The records that follow are to be given again exactly. Do not carry over any image.
EXTRACTED MATERIAL Block Start
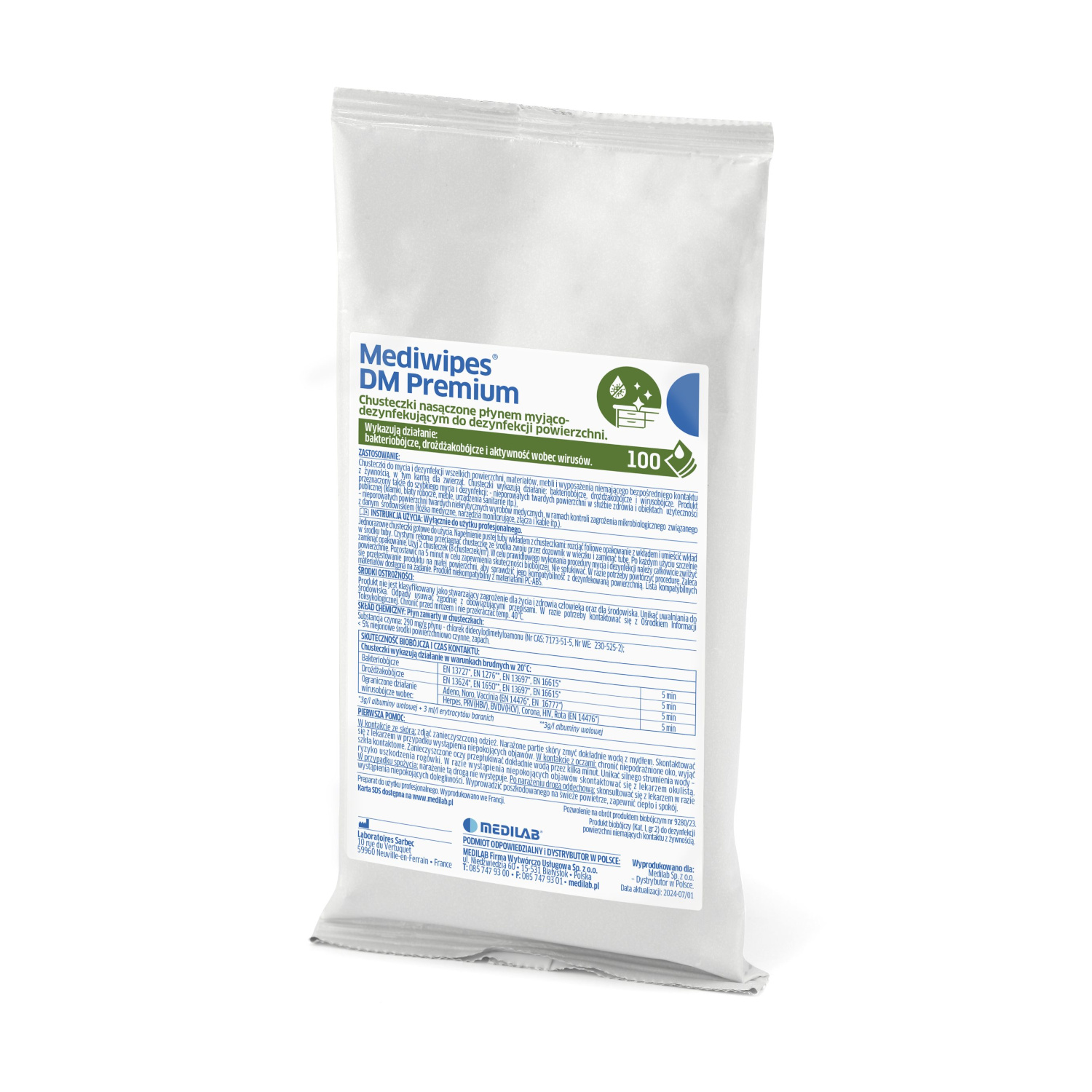 - Mediwipes DM Premium są bezpieczne dla użytkownika i zostały przetestowane dermatologicznie.
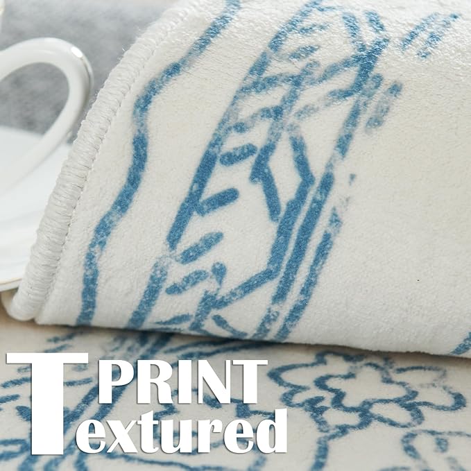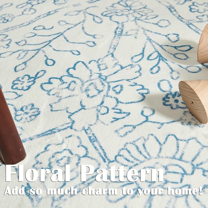 jinchan Vintage Floral Washable Area Rug 5x7 Faux Wool Distressed, Blue
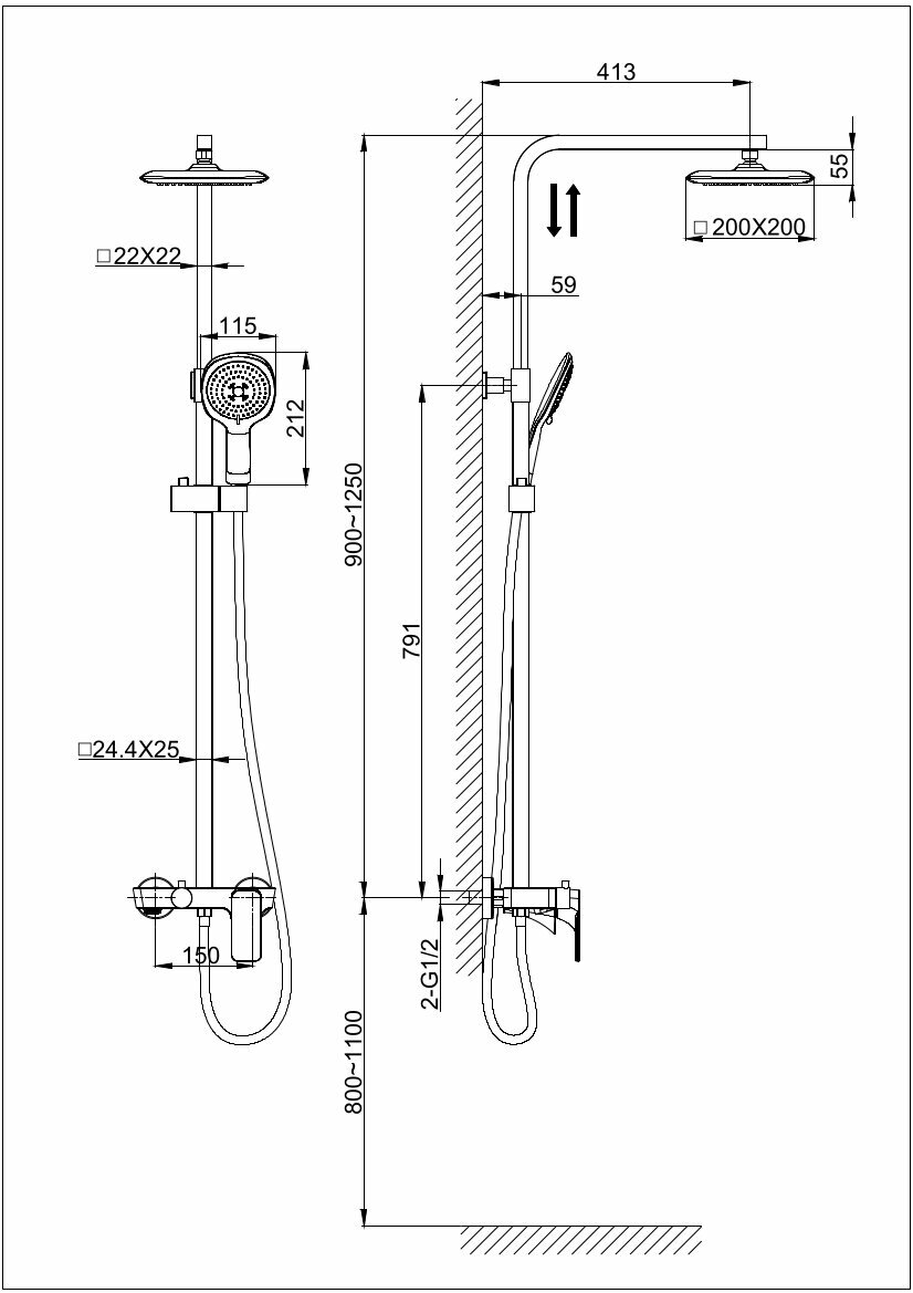 | Форма верхнего душа | квадратная |
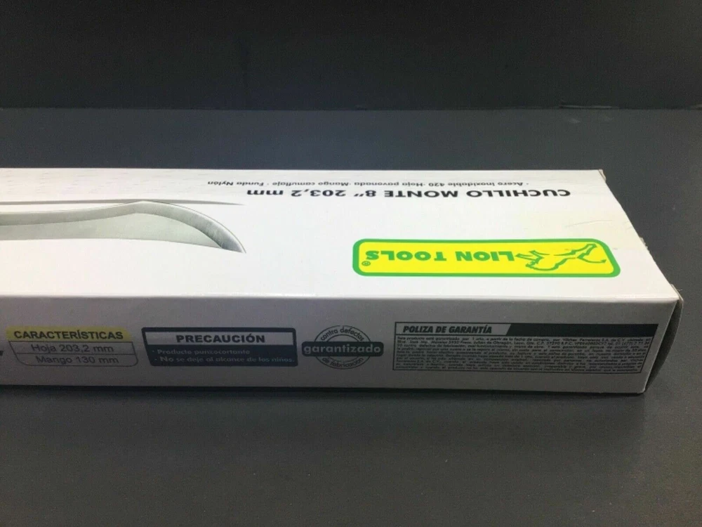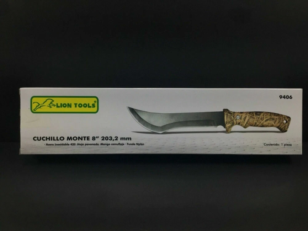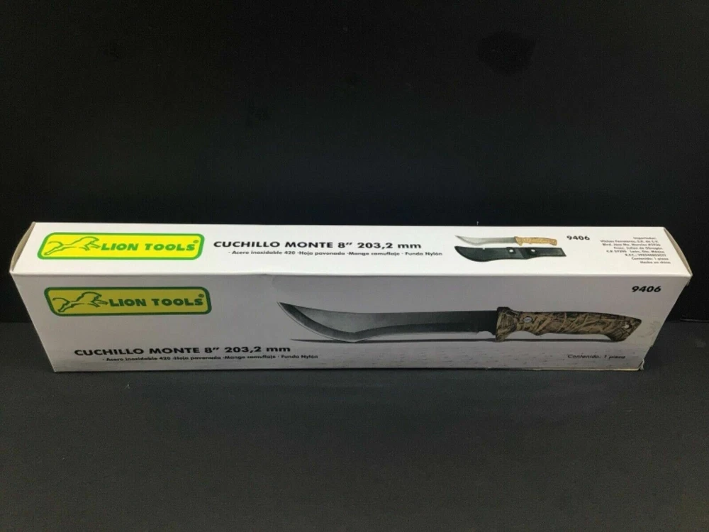 Cuchillo Monte 8” Knife w/ Nylon Sheath & Original Box 9406 By Lion Tools New Due to multiple quantity. Item might look slightly different from pictures. Box has very few minor damage. Will ship in a sturdy uline box. We normally ship within 1 day or same day. We may have 2 days handling time in case of emergencies. But 1 day or same day is our normal shipping time. We also do combined shipping
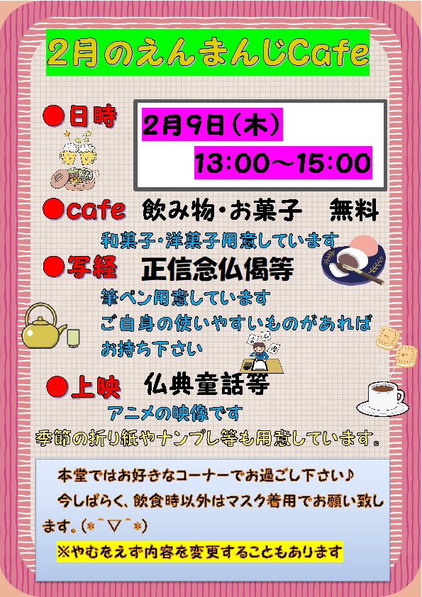 お知らせ 2023/02/05 えんまんじカフェのご案内23'2月 2月のえんまんじCafeは 2月9日(木)13:00~15:00です。 写経や折り紙等の用意もあります。もちろん、お茶を飲んで会話を楽しんでいただいても(^^♪寺族の者と話したり、えんまんじCafeに来られた方同士で仲良くなったり。えんまんじCafeでは飲食、写経等全て無料で提供しています。 13:00~15:00の間、どなたでも出入り自由なので気軽にお越し下さい(*^▽^*)
EXTRACTED MATERIAL Block End
● **EXERCISE OUTPUT**:
 - Mediwipes DM Premium są bezpieczne dla użytkownika i zostały przetestowane dermatologicznie.
 jinchan Vintage Floral Washable Area Rug 5x7 Faux Wool Distressed, Blue
 | Форма верхнего душа | квадратная |
 Cuchillo Monte 8” Knife w/ Nylon Sheath & Original Box 9406 By Lion Tools New Due to multiple quantity. Item might look slightly different from pictures. Box has very few minor damage. Will ship in a sturdy uline box. We normally ship within 1 day or same day. We may have 2 days handling time in case of emergencies. But 1 day or same day is our normal shipping time. We also do combined shipping
 お知らせ 2023/02/05 えんまんじカフェのご案内23'2月 2月のえんまんじCafeは 2月9日(木)13:00~15:00です。 写経や折り紙等の用意もあります。もちろん、お茶を飲んで会話を楽しんでいただいても(^^♪寺族の者と話したり、えんまんじCafeに来られた方同士で仲良くなったり。えんまんじCafeでは飲食、写経等全て無料で提供しています。 13:00~15:00の間、どなたでも出入り自由なので気軽にお越し下さい(*^▽^*)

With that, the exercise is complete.